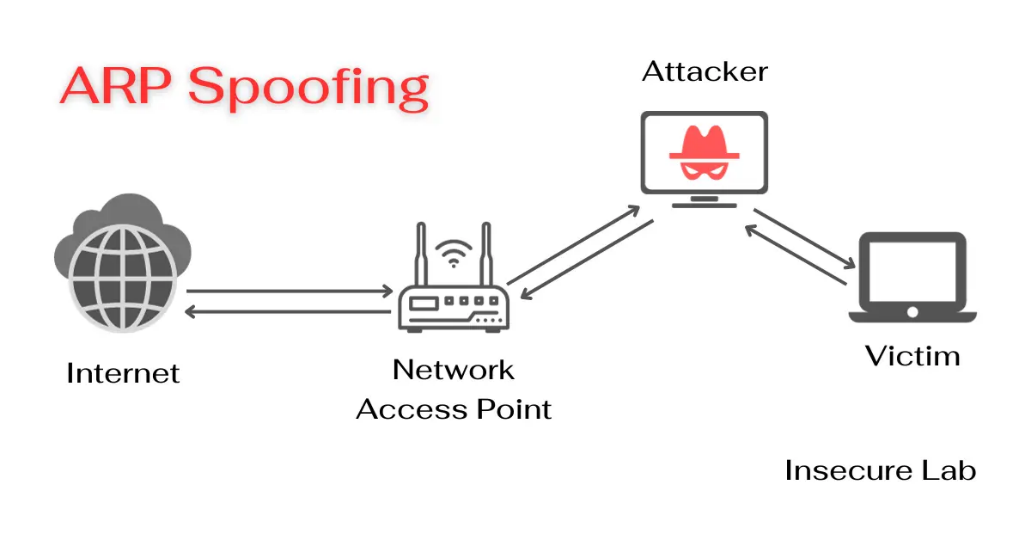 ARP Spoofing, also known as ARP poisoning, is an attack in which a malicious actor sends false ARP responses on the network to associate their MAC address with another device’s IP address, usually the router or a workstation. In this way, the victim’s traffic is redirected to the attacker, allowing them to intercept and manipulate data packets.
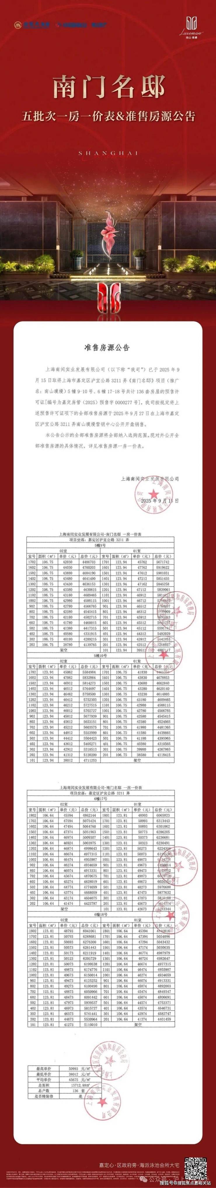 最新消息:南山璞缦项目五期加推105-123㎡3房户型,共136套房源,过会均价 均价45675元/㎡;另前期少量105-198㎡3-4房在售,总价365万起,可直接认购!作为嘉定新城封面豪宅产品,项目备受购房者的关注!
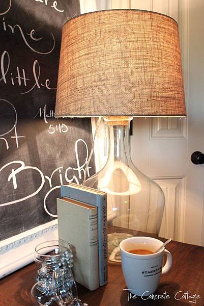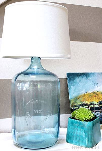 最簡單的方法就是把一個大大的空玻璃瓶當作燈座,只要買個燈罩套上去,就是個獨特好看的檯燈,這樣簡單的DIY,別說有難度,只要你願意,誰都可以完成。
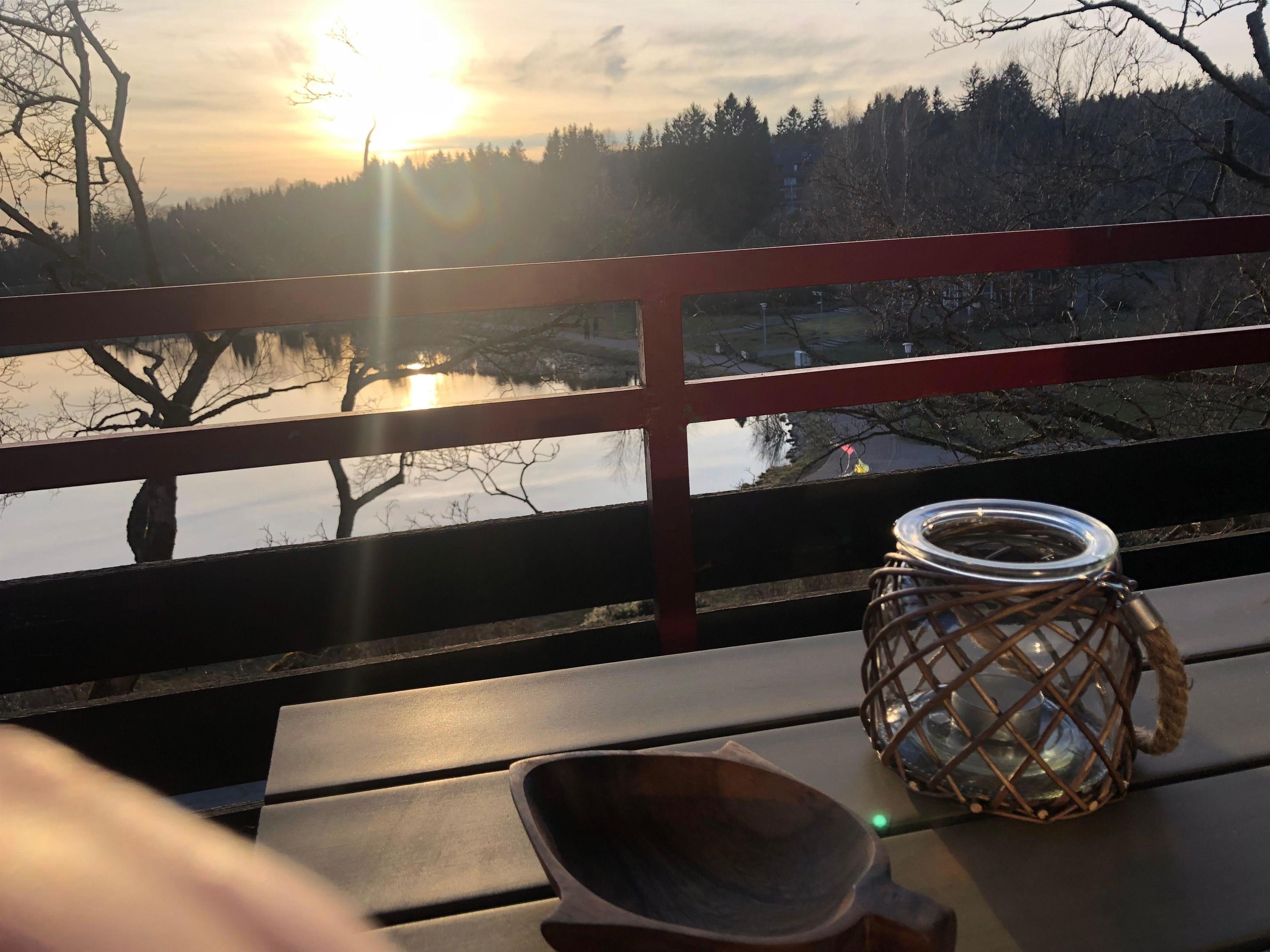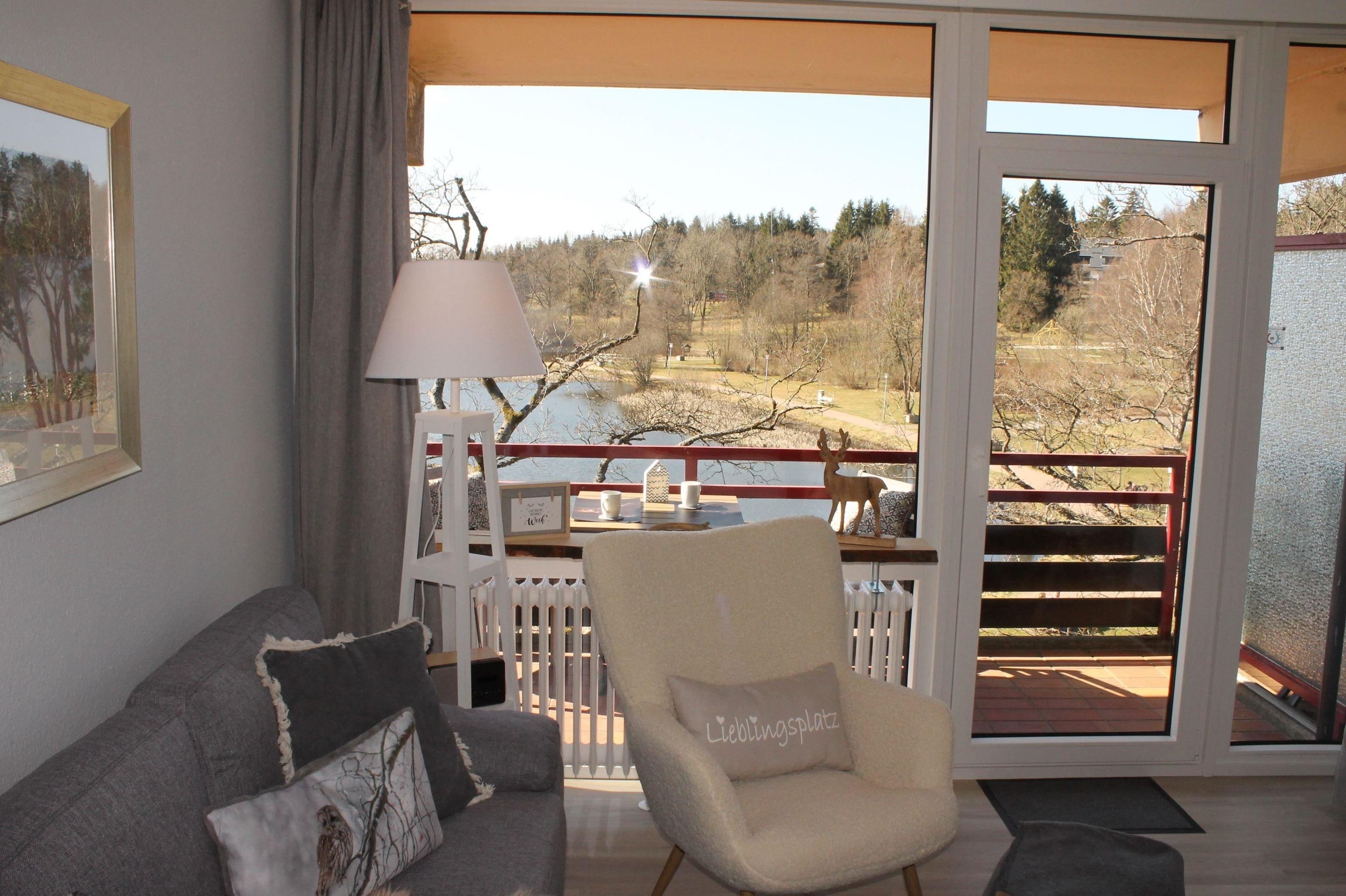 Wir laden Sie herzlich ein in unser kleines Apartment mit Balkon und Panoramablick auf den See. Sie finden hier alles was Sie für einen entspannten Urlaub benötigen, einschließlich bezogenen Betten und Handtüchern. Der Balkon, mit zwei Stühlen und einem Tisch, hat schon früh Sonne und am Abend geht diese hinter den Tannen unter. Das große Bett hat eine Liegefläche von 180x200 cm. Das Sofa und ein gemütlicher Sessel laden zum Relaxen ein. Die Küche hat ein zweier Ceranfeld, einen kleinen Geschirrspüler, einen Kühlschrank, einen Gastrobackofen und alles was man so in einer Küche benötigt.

++++

Could you return, word for word, every line from the line with "最新消息:南山璞缦项目五期加" through the last line of the listing above, both ends included, without any pictures?

 最新消息:南山璞缦项目五期加推105-123㎡3房户型,共136套房源,过会均价 均价45675元/㎡;另前期少量105-198㎡3-4房在售,总价365万起,可直接认购!作为嘉定新城封面豪宅产品,项目备受购房者的关注!
 最簡單的方法就是把一個大大的空玻璃瓶當作燈座,只要買個燈罩套上去,就是個獨特好看的檯燈,這樣簡單的DIY,別說有難度,只要你願意,誰都可以完成。
 Wir laden Sie herzlich ein in unser kleines Apartment mit Balkon und Panoramablick auf den See. Sie finden hier alles was Sie für einen entspannten Urlaub benötigen, einschließlich bezogenen Betten und Handtüchern. Der Balkon, mit zwei Stühlen und einem Tisch, hat schon früh Sonne und am Abend geht diese hinter den Tannen unter. Das große Bett hat eine Liegefläche von 180x200 cm. Das Sofa und ein gemütlicher Sessel laden zum Relaxen ein. Die Küche hat ein zweier Ceranfeld, einen kleinen Geschirrspüler, einen Kühlschrank, einen Gastrobackofen und alles was man so in einer Küche benötigt.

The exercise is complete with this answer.